:: Task statement ::
This exercise calls for every record to be returned exactly, with pictures removed.

══════════

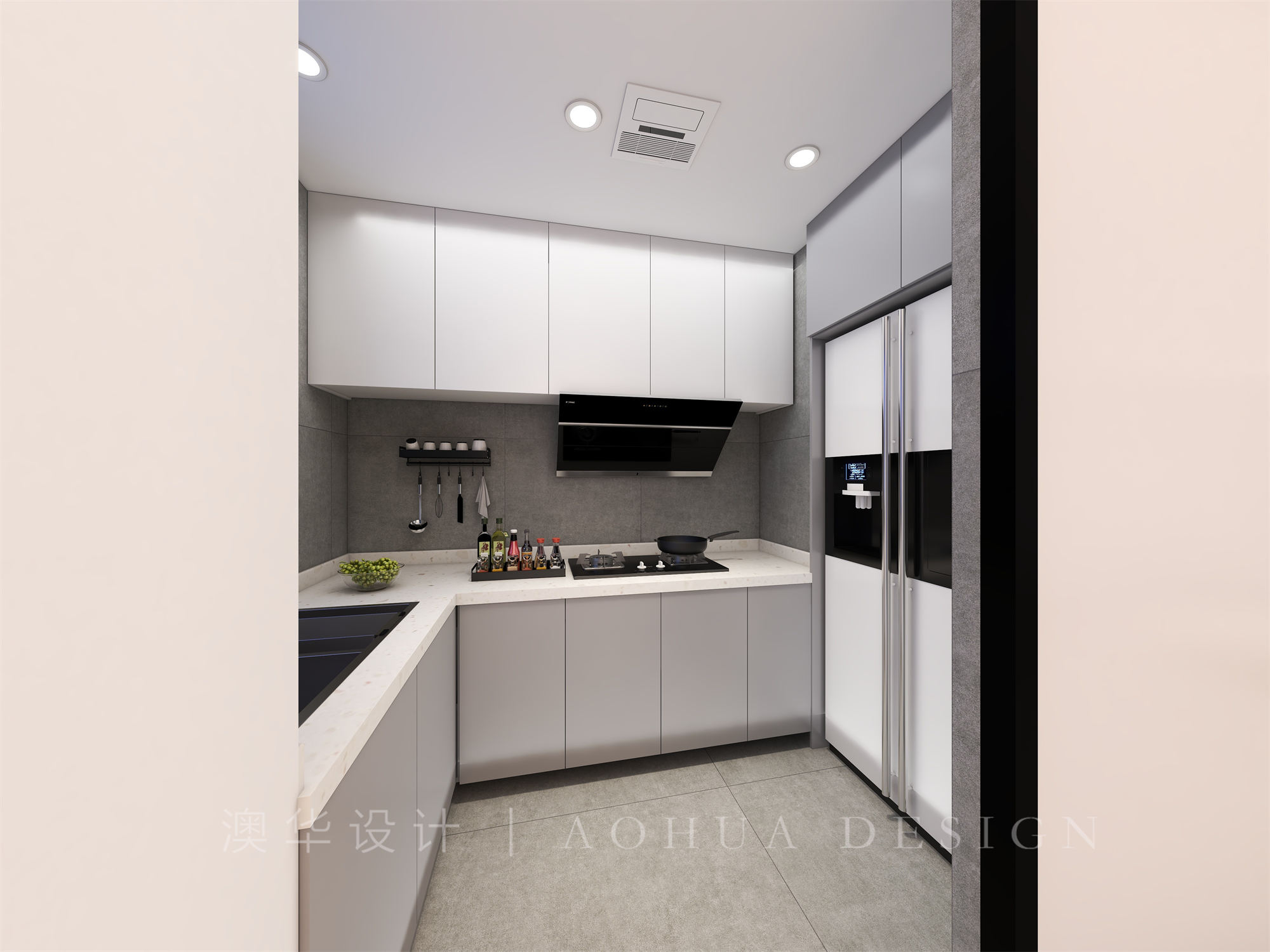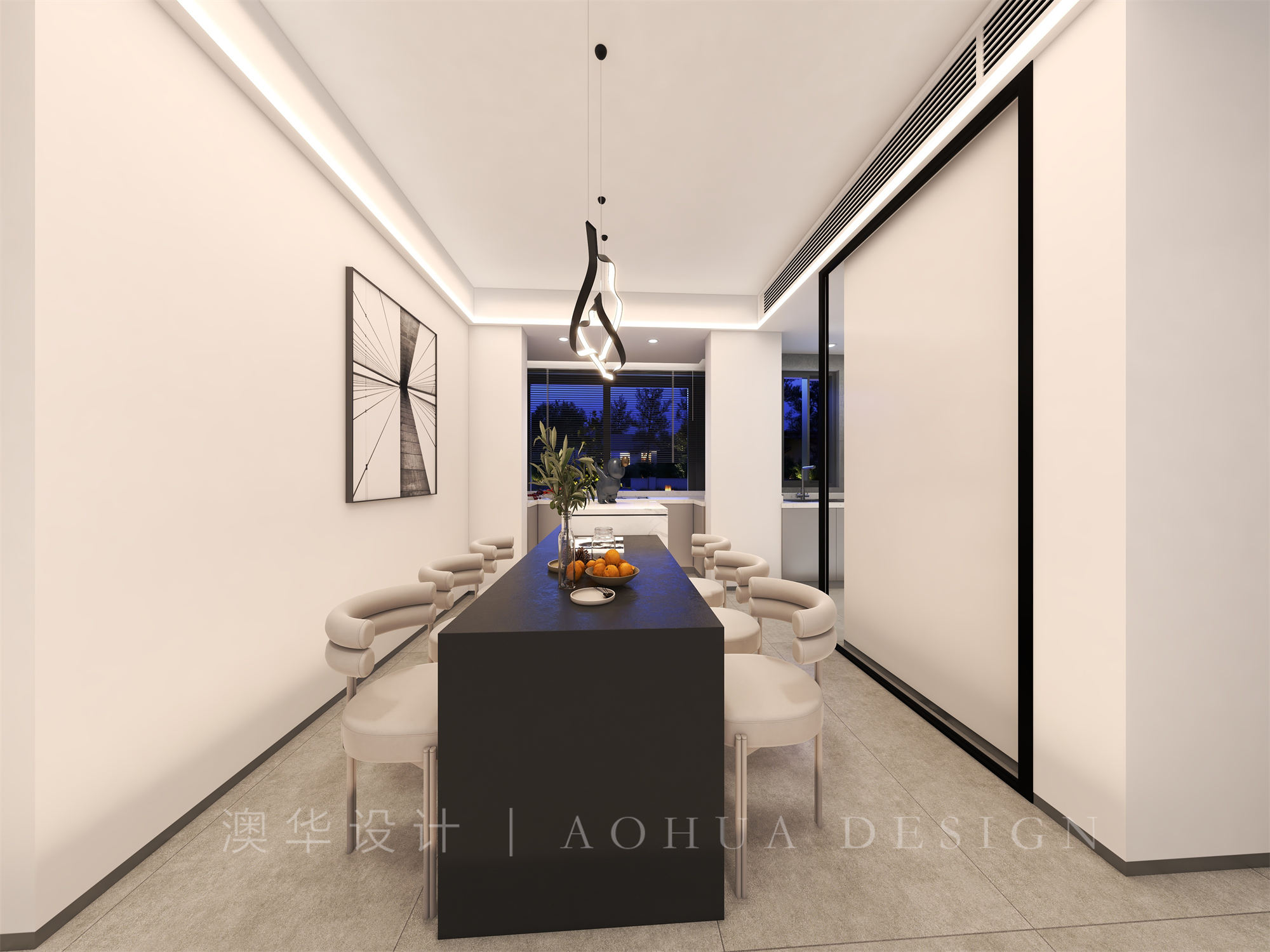 • 厨房和餐厅位于空间同一方位,L型的空间布局满足整个空间当中的要求,同时也保证整个空间当中的功能转化,满足整个空间当中的实用性
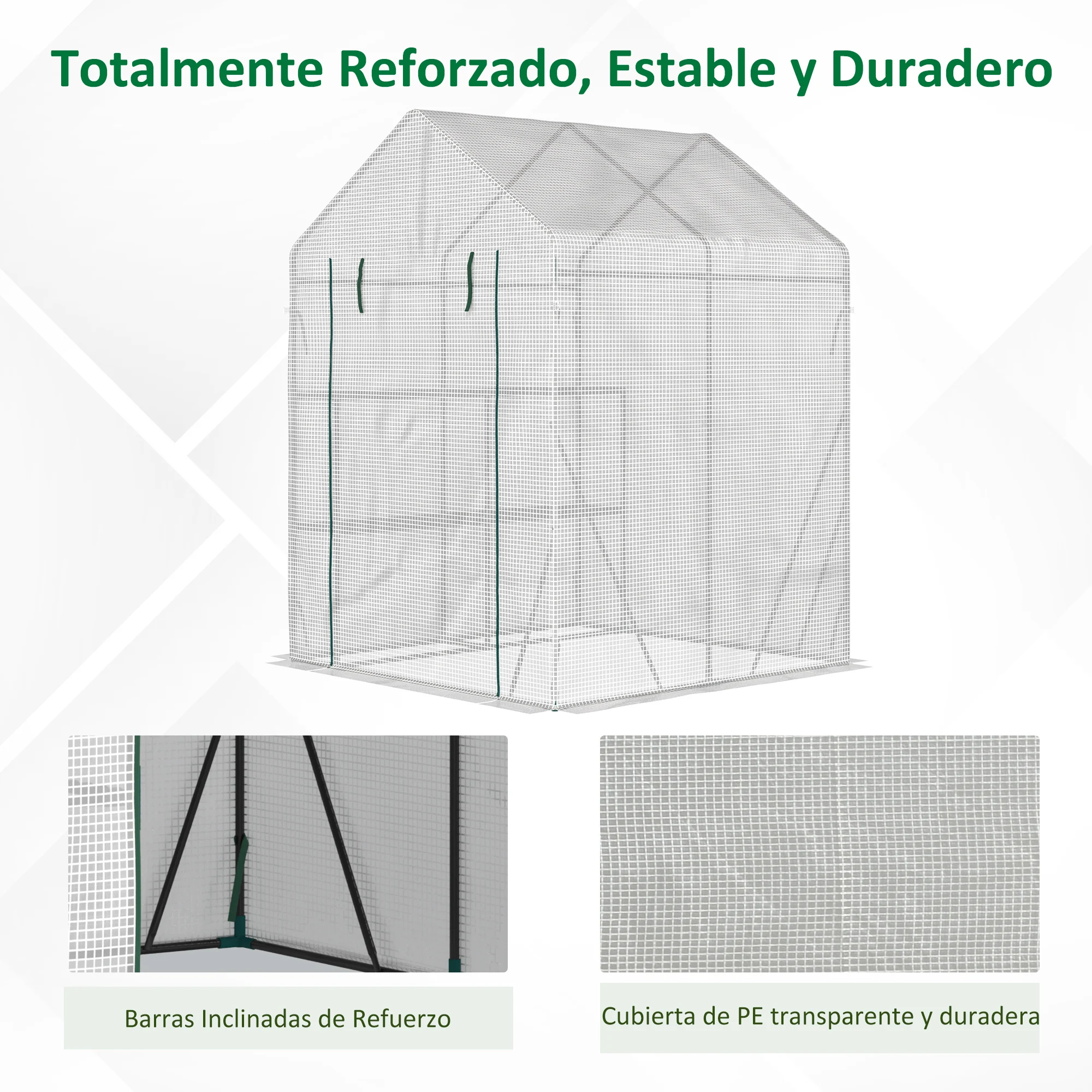 ¿Quieres cultivar plantas o verduras en tu jardín o terraza? ¿Te preocupa que el mal tiempo dañe tus cultivos? La solución está a tu alcance con este invernadero de Outsunny. El marco de acero hace que la estructura sea estable y la cubierta de PE retiene el calor y protege contra el viento y la lluvia, entre otros. Este invernadero de exterior está equipado con una puerta enrollable para facilitar la entrada y salida y cuenta con estantes interiores para aprovechar al máximo el espacio.
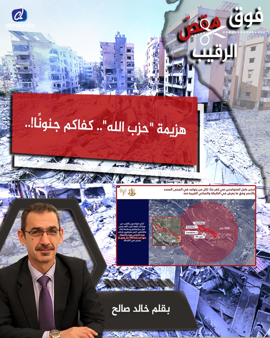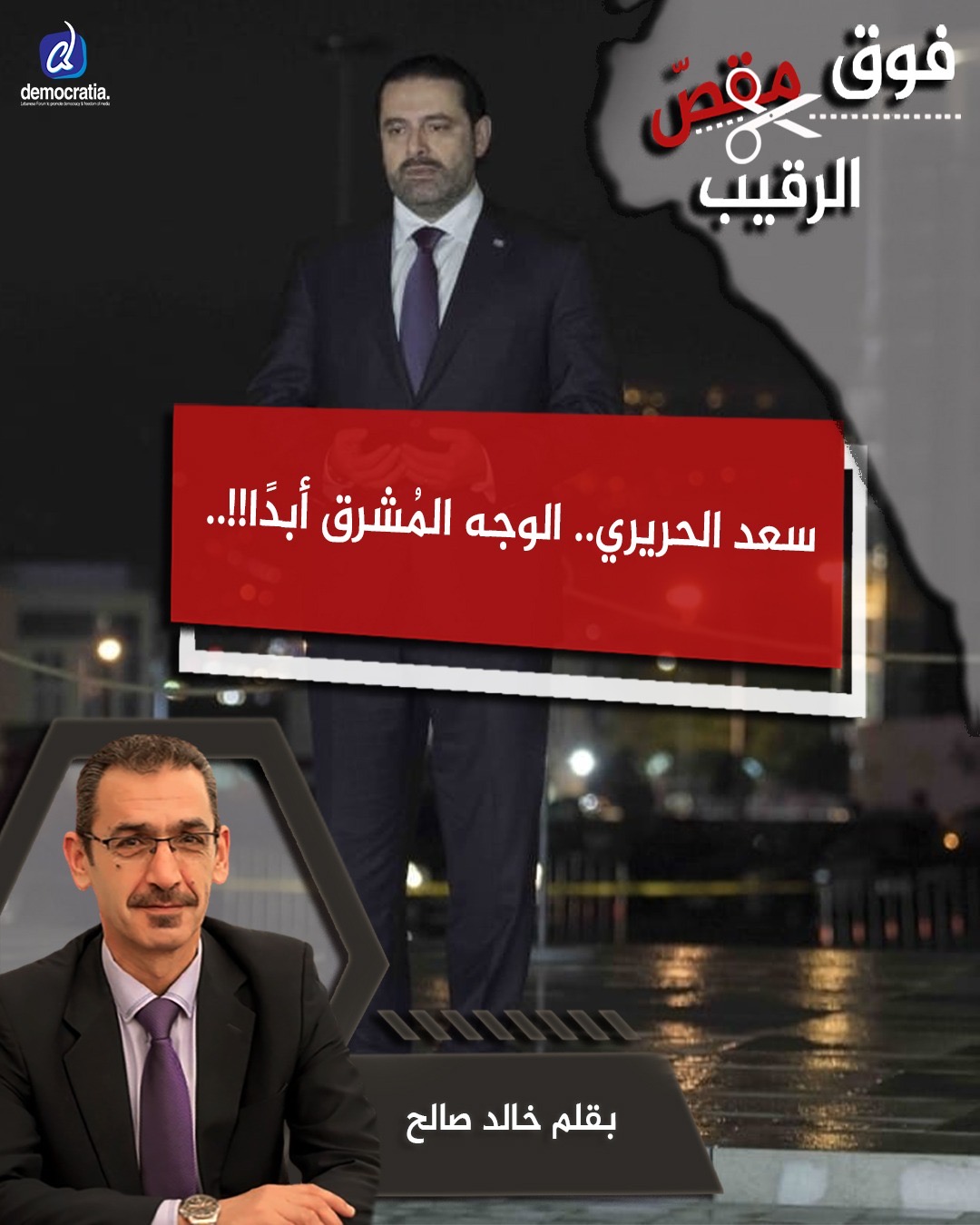 فوق مقص الرقيب سعد الحريري .. “صولجان القيادة”أعطي له !! للمزيد » Democratia News 27/01/2026 11:32 ص عذرًا شيخ نعيم .. رقبتكم وليسرقبتنا !! للمزيد » Democratia News 20/01/2026 1:37 م هزيمة “حزب الله” .. كفاكم جنونًا !! للمزيد » Democratia News 17/01/2026 3:07 م “السّنّة” في لبنان .. زبدة الكلام !! للمزيد » Democratia News 10/01/2026 1:04 م سعد الحريري .. الوجه المُشرق أبدا !! للمزيد » Democratia News 06/01/2026 1:30 م “واقع أبو عمر دهاء” و “رضاالسياسيين غباء” للمزيد » Democratia News 27/12/2025 12:50 م « Previous Page1 Page2 Page3 … Page5 Next »
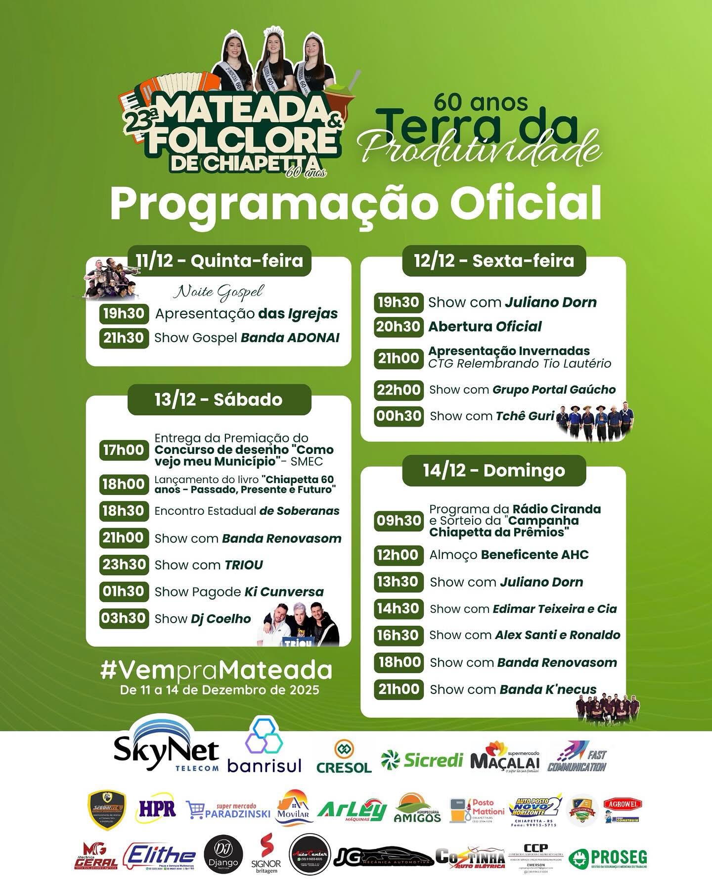 Com a proposta de valorizar a cultura local e promover encontros entre moradores e visitantes, a Mateada & Folclore se consolida como um dos principais símbolos da história e da identidade de Chiapetta. A expectativa é de grande público ao longo dos quatro dias de celebração.
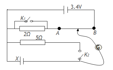 d) A uniform resistance wire AB, 100cm long and of resistance 4.0Ω connected in series with a 2.0Ω resistor to a driver cell of e.m.f 3.4V and negligible internal resistance. Cell X is connected to a 5.0Ω resistor through switch K2. When K1 is closed and K2 is open, the balance length is 53.0cm,
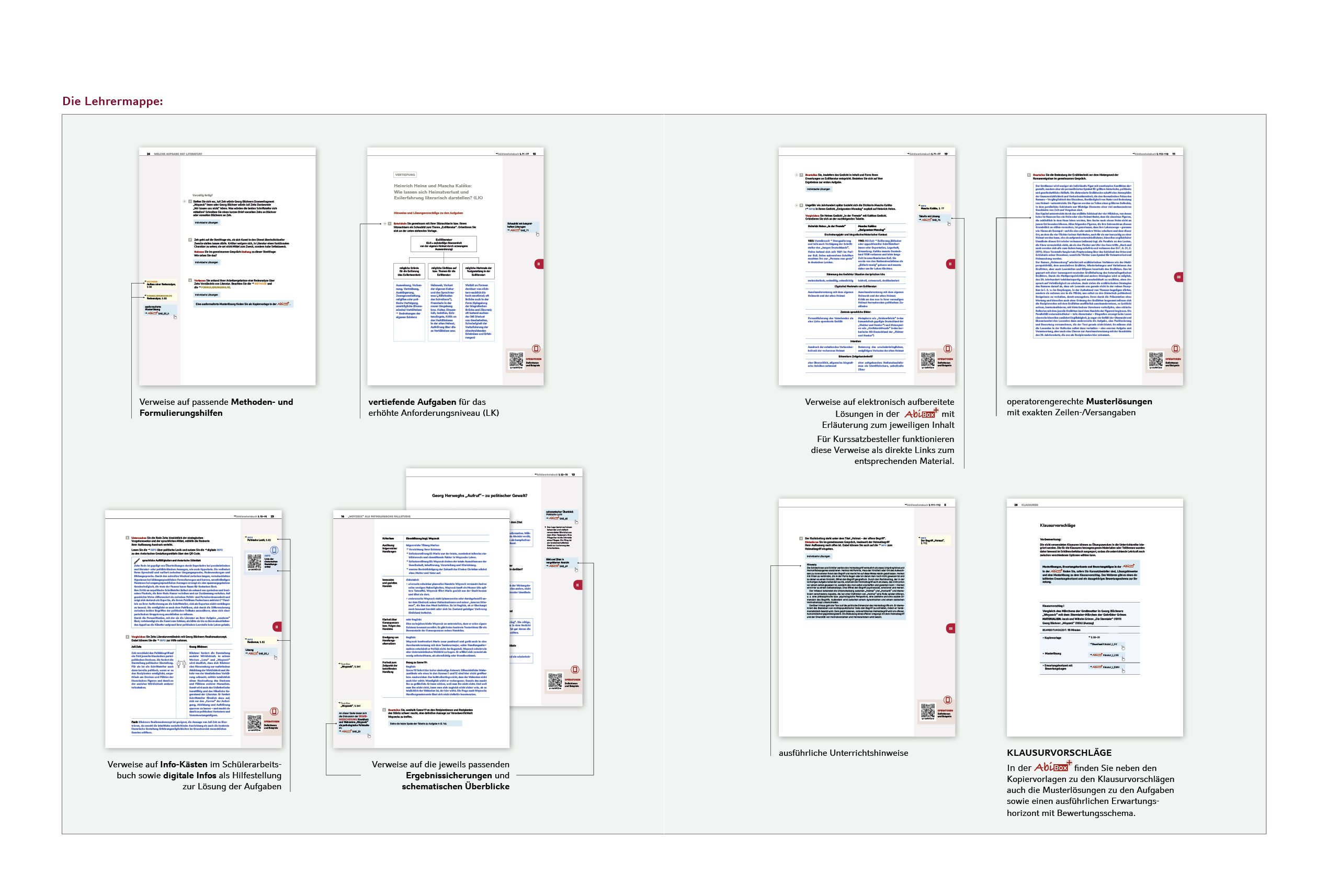 - die Kopiervorlagen, Musterlösungen, Erwartungshorizonte und Bewertungsbögen sämtlicher Klausuren zur Abi-Box,

══════════

:: Task answer ::
 • 厨房和餐厅位于空间同一方位,L型的空间布局满足整个空间当中的要求,同时也保证整个空间当中的功能转化,满足整个空间当中的实用性
 ¿Quieres cultivar plantas o verduras en tu jardín o terraza? ¿Te preocupa que el mal tiempo dañe tus cultivos? La solución está a tu alcance con este invernadero de Outsunny. El marco de acero hace que la estructura sea estable y la cubierta de PE retiene el calor y protege contra el viento y la lluvia, entre otros. Este invernadero de exterior está equipado con una puerta enrollable para facilitar la entrada y salida y cuenta con estantes interiores para aprovechar al máximo el espacio.
 فوق مقص الرقيب سعد الحريري .. “صولجان القيادة”أعطي له !! للمزيد » Democratia News 27/01/2026 11:32 ص عذرًا شيخ نعيم .. رقبتكم وليسرقبتنا !! للمزيد » Democratia News 20/01/2026 1:37 م هزيمة “حزب الله” .. كفاكم جنونًا !! للمزيد » Democratia News 17/01/2026 3:07 م “السّنّة” في لبنان .. زبدة الكلام !! للمزيد » Democratia News 10/01/2026 1:04 م سعد الحريري .. الوجه المُشرق أبدا !! للمزيد » Democratia News 06/01/2026 1:30 م “واقع أبو عمر دهاء” و “رضاالسياسيين غباء” للمزيد » Democratia News 27/12/2025 12:50 م « Previous Page1 Page2 Page3 … Page5 Next »
 Com a proposta de valorizar a cultura local e promover encontros entre moradores e visitantes, a Mateada & Folclore se consolida como um dos principais símbolos da história e da identidade de Chiapetta. A expectativa é de grande público ao longo dos quatro dias de celebração.
 d) A uniform resistance wire AB, 100cm long and of resistance 4.0Ω connected in series with a 2.0Ω resistor to a driver cell of e.m.f 3.4V and negligible internal resistance. Cell X is connected to a 5.0Ω resistor through switch K2. When K1 is closed and K2 is open, the balance length is 53.0cm,
 - die Kopiervorlagen, Musterlösungen, Erwartungshorizonte und Bewertungsbögen sämtlicher Klausuren zur Abi-Box,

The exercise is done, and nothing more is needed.